Face à la complexité du besoin, la flexibilité de l’outil de production est un vrai levier différenciant à mettre en œuvre entre supply chain et production :

– Travail sur les flux physiques : ilots autonomes, mise en ligne, mutualisation des machines. Réduction des goulots, des tailles de lots, polyvalence, temps de paramétrage des machines. Plans de progrès chez les sous-traitants.

-Réduction des tâches administratives… Trouver le bon operating model de production permet d’atteindre le compromis intéressant entre productivité et flexibilité. Il permet de réduire globalement les temps d’attente en production, et d’améliorer la réactivité et la disponibilité produit

 

Organiser et planifier le transport de manière efficace

Pour organiser le transport, il est nécessaire de planifier la distribution pour sécuriser les capacités, ce qui réduira les coûts en limitant les tarifs spots. Les leviers suivants pourront être activés :

– Travailler sur des plans de transport précis et des engagements sur le long terme pour sécuriser le court terme.

– Fournir de bonnes prévisions de charge à ses fournisseurs de transport, tout en suivant leur performance.

-Établir des contacts réguliers avec le management basés sur l’analyse du tableau de bord de la performance logistique.

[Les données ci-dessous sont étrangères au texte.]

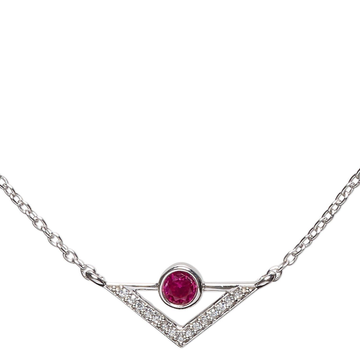 A rhodium-plated sterling silver crescent triangle pendant, set with fuchsia and clear cubic zirconia stones, sparkles on a sterling silver cable chain in this design.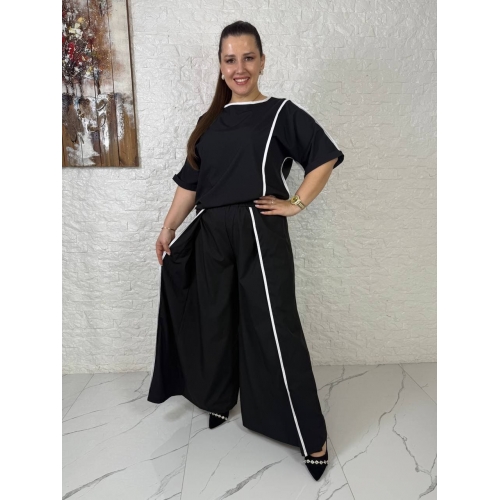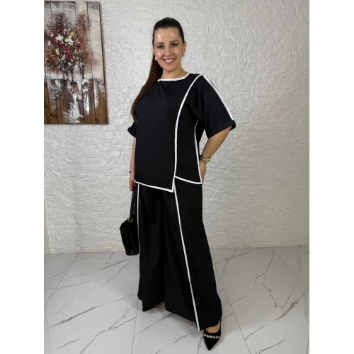 Костюм-двійка цікавого крою: штани імітація спідниці, блузки та штани оздоблені кантом, що підкреслює вашу фігуру та робить подовженим силует. Штани-кльош на гумці, висока посадка, спереду «нахльостує». Блуза з нерівним низом, рукав прикриває лікоть.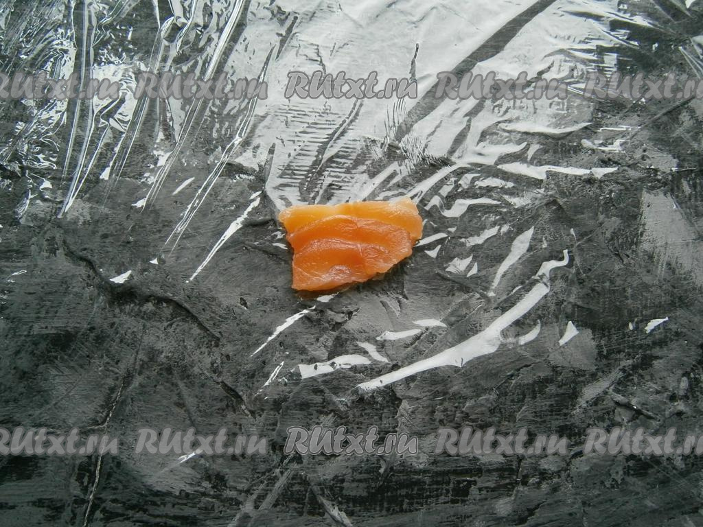 Семгу нужно нарезать на нетолстые кусочки размером, приблизительно, 2х4 см. Отрезать кусок пищевой пленки размером 25х25 см, разместить ее ровненько на поверхности стола, в центр пленки выложить кусочек семги.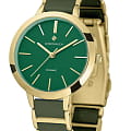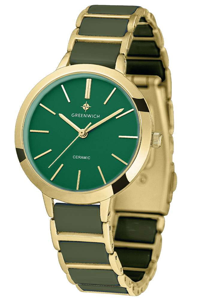 Кварцевые часы Greenwich Fortune GW 331.20.38 созданы для поклонников минимализма. Диаметр круглого корпуса из прочной нержавеющей стали с PVD-покрытиемPVDУльтратонкое покрытие наносится в технике вакуумного напыления, сочетает в себе нитрид титана особой прочности со слоем золота или оксида хрома. Несёт в себе декоративную или защитную функцию. равен 32 мм, а это значит, что их могут смело выбирать даже обладательницы самого изящного запястья. На матовом циферблате хорошо читаются полированные риски и стрелки часов, минут и секунд – они контрастно выделяются на темно-зеленом фоне. Стальной браслет на раскладной застёжкеРаскладная застёжкаТакой тип застёжки используется только на браслетах из металла. Она никогда не раскрывается полностью, происходит разделение на 2 и более частей. Раскладывающая застёжка снизит вероятность потери часов к минимуму. состоит из двух частей: полированное обрамление из нержавеющей стали и звенья из керамики. Благодаря такому сочетанию браслет надолго сохранит первоначальный внешний вид. Минеральное стеклоМинеральное стеклоМинеральное стекло представляет собой искусственно выращенный минерал кварца. Такое стекло отличается особой устойчивостью к повреждениям и царапинам. Уступает по некоторым качествам сапфировому стеклу. защищает циферблат от царапин.

– Faire évoluer si besoin l’operating model de distribution pour intégrer les contraintes liées au green. Par exemple, davantage de maritime au service d’une régionalisation des stocks.

 

Travailler avec les équipes commerciales sur les priorités en production et sur l’évolution du réseau

Le premier point est de travailler le niveau d’assortiment retail avec les équipes commerciales en cohérence avec la taille du réseau, l’espace physique disponible dans le point de vente et le cycle de vie des produits. Il faut également intégrer la forte progression du e-commerce, assainir son réseau, revoir ses conditions commerciales et concentrer ses produits là où ils se vendent. L’impact sur les coûts de distribution sera significatif. Prioriser les best-sellers en production : Dans ces circonstances, la supply chain d’un point de vue production doit travailler avec la direction commerciale pour :

– utiliser au mieux ses capacités et favoriser la mise à disposition de best-sellers garantissant le chiffre d’affaires ;

– prioriser les produits par canal ou par client et limiter l’insatisfaction globale.

Répartir la pénurie pour optimiser le CA et annoncer au réseau les livraisons futures (quotas), les directions supply chain et commerciales doivent transformer les mauvaises surprises (non annoncées) en mauvaises nouvelles et montrer ainsi qu’elles ont une certaine maîtrise de la situation.

Chaque fois que nos clients envisagent les sujets supply chain sans grande transversalité, les améliorations ne sont que partielles. Pour réussir sur la disponibilité produit au-delà de l’optimisation des flux, il faut embarquer beaucoup d’autres problématiques : l’offre produit, les assortiments, le réseau, le sourcing…

En aucun cas, ces problématiques ne peuvent être résolues par des supply chain trop logisticiennes ou techniciennes, certes bien outillées, mais peu capables de prendre le recul nécessaire pour adresser la réalité business de l’entreprise. La DG doit mobiliser sa supply chain pour rendre les approches transverses et efficaces afin d’assurer à l’entreprise des coûts maîtrisés et une cohérence globale d’ensemble à travers les prismes produit, réseau, et opérations. La supply chain doit de son côté, communiquer de manière assez synthétique à l’ensemble de l’entreprise via un langage simple parlant à tous les métiers.